Work to complete: When writing out the entries below, keep only the lines from the line with "2、宁夏:最低分435分,对" to the line with "Aged steel bell with black leather collar.", both included, exactly as they are, and leave the pictures aside.

Items listed in a dataset:
Content starts

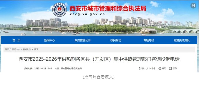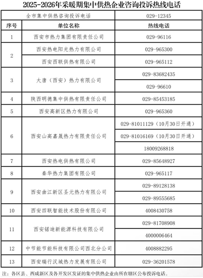 西安市2025-2026年供热期各区县(开发区)集中供热管理部门咨询投诉电话
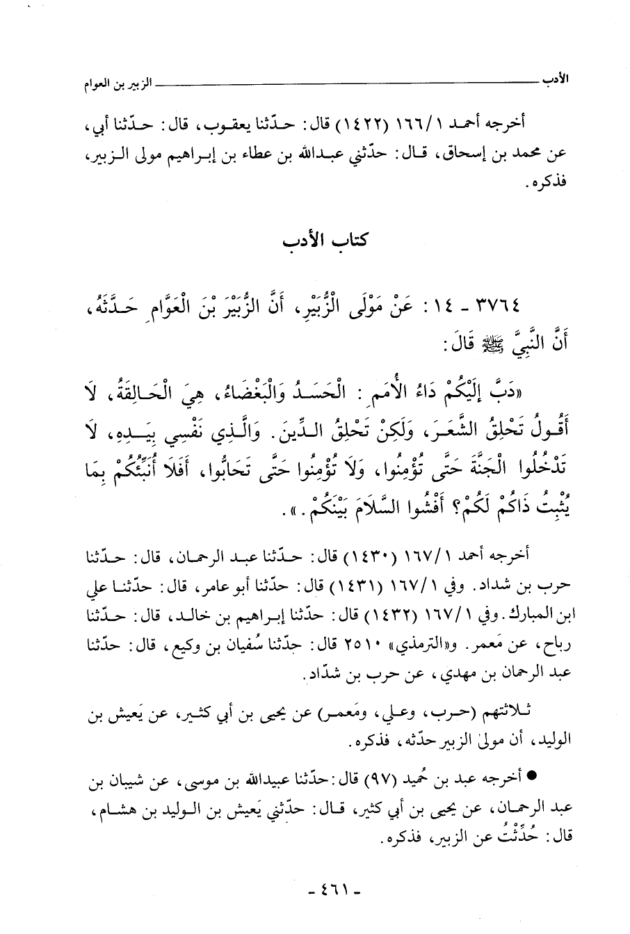 أخرجه أحمد ١/ ١٦٧ (١٤٣٠) قال: حدَّثنا عَبْد الرَّحْمان، قال: حدَّثنا حَرْب بن شَدَّاد. وفي (١٤٣١) قال: حدَّثنا أبو عامر، قال: حدَّثنا علي بن المُبَارك. والتِّرْمِذِيّ" ٢٥١٠ قال: حدَّثنا سُفْيان بن وَكِيع، قال: حدَّثنا عَبْد الرَّحْمان بن مَهْدِي، عن حَرْب بن شَدَّاد , عن يَحيى بن أَبِي كَثِير، عن يَعِيش بن الوَلِيد، أن مَوْلَى الزُّبَيْر حَدَّثه، فذكره.
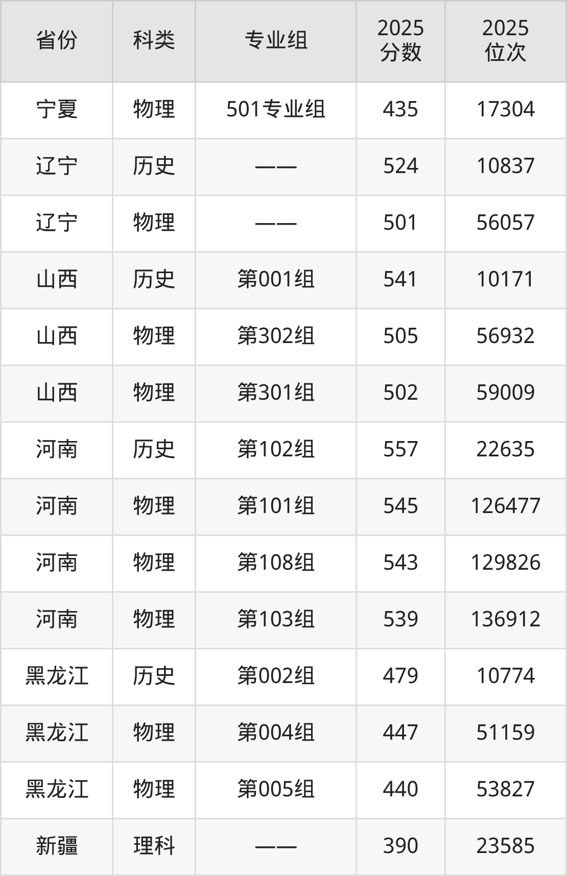 2、宁夏:最低分435分,对应最低分专业组为物理类501专业组,位次17304名;
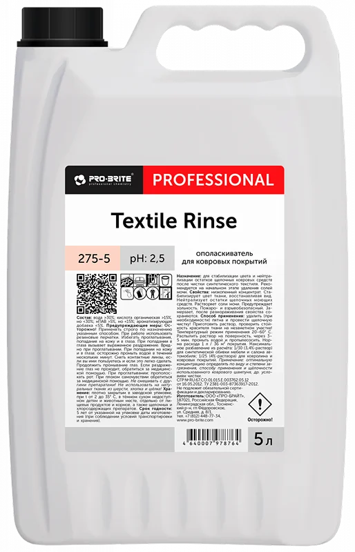 Чистящее средство для ковров и мебельной обивки Pro-Brite Textile Rinse 5л, 275-5
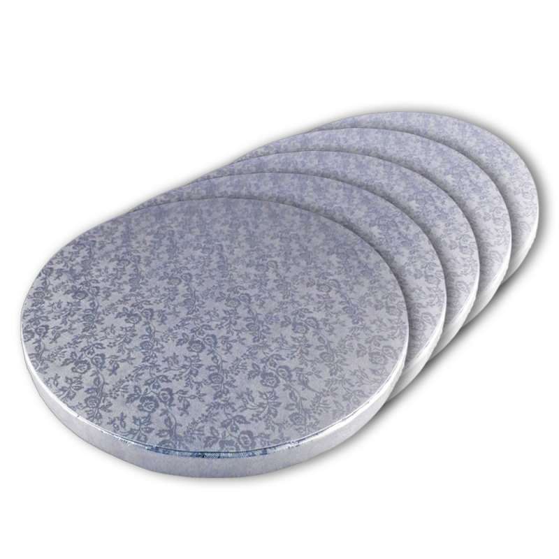 Diese Tortenunterlage ist praktisch als Unterlage, zur Präsentation von Torten und Kuchen. Mit silberner Beschichtung und Motivprägung.
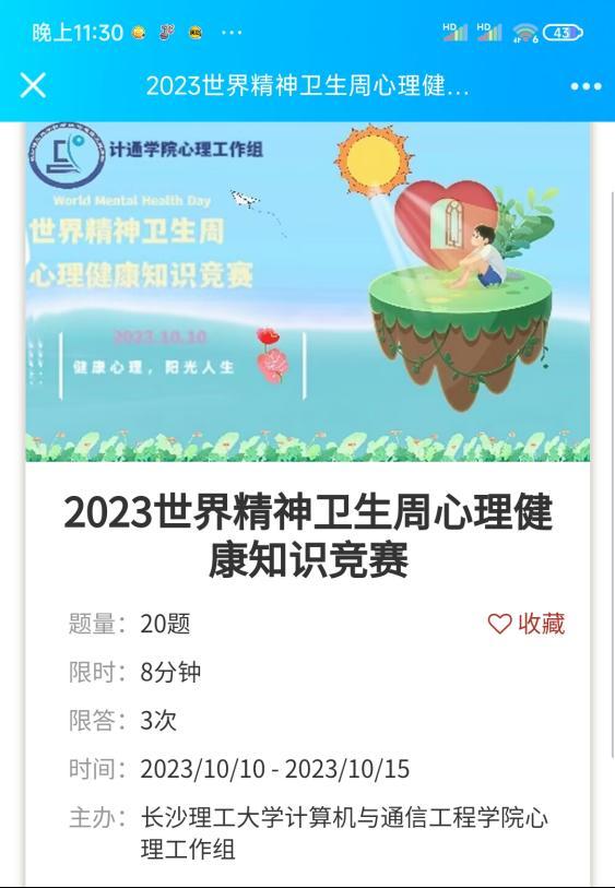 竞赛题库共有100题,分别围绕大学生心理适应、情绪调节、心理问题识别、常见心理问题判断等设置,每次参赛会从题库中随机抽取20题形成一套试卷,包括10道选择题、10道判断题。参赛者共有三次答题机会,按照答题时间和正确率取最高值排名。竞赛题目设置密切结合了大学生在学校生活中可能遇到的问题和情景,并能够指导大学生及时发现自己不好的心理情况,进行积极的处理;同时也加强了大家对心理健康重要性的认知,深入理解自助、助人。
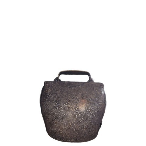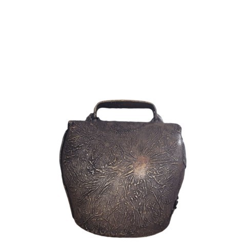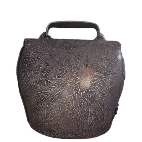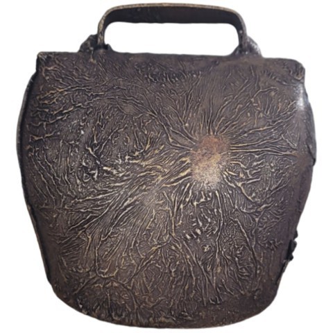 Aged steel bell with black leather collar.
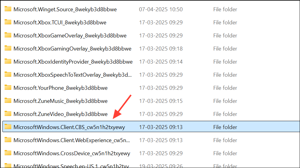 HKEY_LOCAL_MACHINE\SOFTWARE\Microsoft\Windows\CurrentVersion\AppModel\StateChange\PackageList\MicrosoftWindows.Client.CBS_1000.26100.121.0_x64__cw5n1h2txyewyIf your registry lists a different version number, select the key with the highest version.
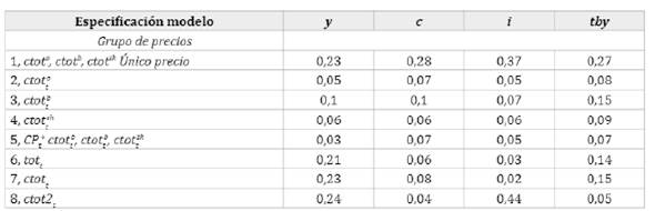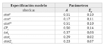 Los resultados anteriores están en línea con los hallazgos reportados por Fernández et al. (2017) y Blanchard y Galí (2011) (para precios del petróleo); sin embargo, es importante notar que si bien tott, ctotty ctot2t explican una proporción menor de las volatilidades de las variables agregadas en relación con el SVAR que incorpora simultáneamente ctot°t, ctotbty ctotsht (a excepción dey en los tres casos e ¡ para ctot2), son mejores "representantes" que los precios delas filas 2-5 en modelos SVAR con shocks sobre un único precio mundial.
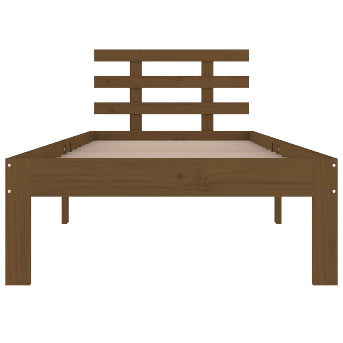 Take the modern route to your bedroom with this wooden bed frame! It makes a practical and decorative addition to your interior. Premium solid wood: Solid pine wood is a beautiful natural material. Pine wood has a straight grain, and the knots give the material its signature, rustic look.Sturdy bed frame: The wooden frame ensures sturdiness and stability. The plywood slats provide good weight distribution, ensuring that the mattress stays in place with every twist and turn of your body during sleep.Comfortable headboard: The classic headboard lets you rest comfortably while reading or watching a movie.Suitable condition: This single bed is a great solution for small spaces, multi-functional rooms, single sleepers and older children. Whatever your needs or decor plans are, the single bed meets all your needs! Note:The delivery includes a bed frame only. The mattress is not included. You can check our shop for the matching mattresses.This bed frame is suitable for a mattress measuring 100 x 200 cm.
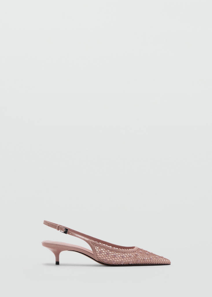 Mesh-Gewebe. Spitz zulaufend. Absatzhöhe: 3 cm. Applikation mit dekorativen Kugeln. Riemenverschluss mit Schnalle. Innenfutter
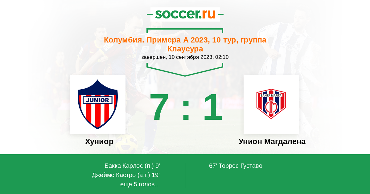 67' (6:1) Торрес Густаво (11) (Контрерас Жоэль (29))

Content ends

Finished exercise:
 2、宁夏:最低分435分,对应最低分专业组为物理类501专业组,位次17304名;
 Чистящее средство для ковров и мебельной обивки Pro-Brite Textile Rinse 5л, 275-5
 Diese Tortenunterlage ist praktisch als Unterlage, zur Präsentation von Torten und Kuchen. Mit silberner Beschichtung und Motivprägung.
 竞赛题库共有100题,分别围绕大学生心理适应、情绪调节、心理问题识别、常见心理问题判断等设置,每次参赛会从题库中随机抽取20题形成一套试卷,包括10道选择题、10道判断题。参赛者共有三次答题机会,按照答题时间和正确率取最高值排名。竞赛题目设置密切结合了大学生在学校生活中可能遇到的问题和情景,并能够指导大学生及时发现自己不好的心理情况,进行积极的处理;同时也加强了大家对心理健康重要性的认知,深入理解自助、助人。
 Aged steel bell with black leather collar.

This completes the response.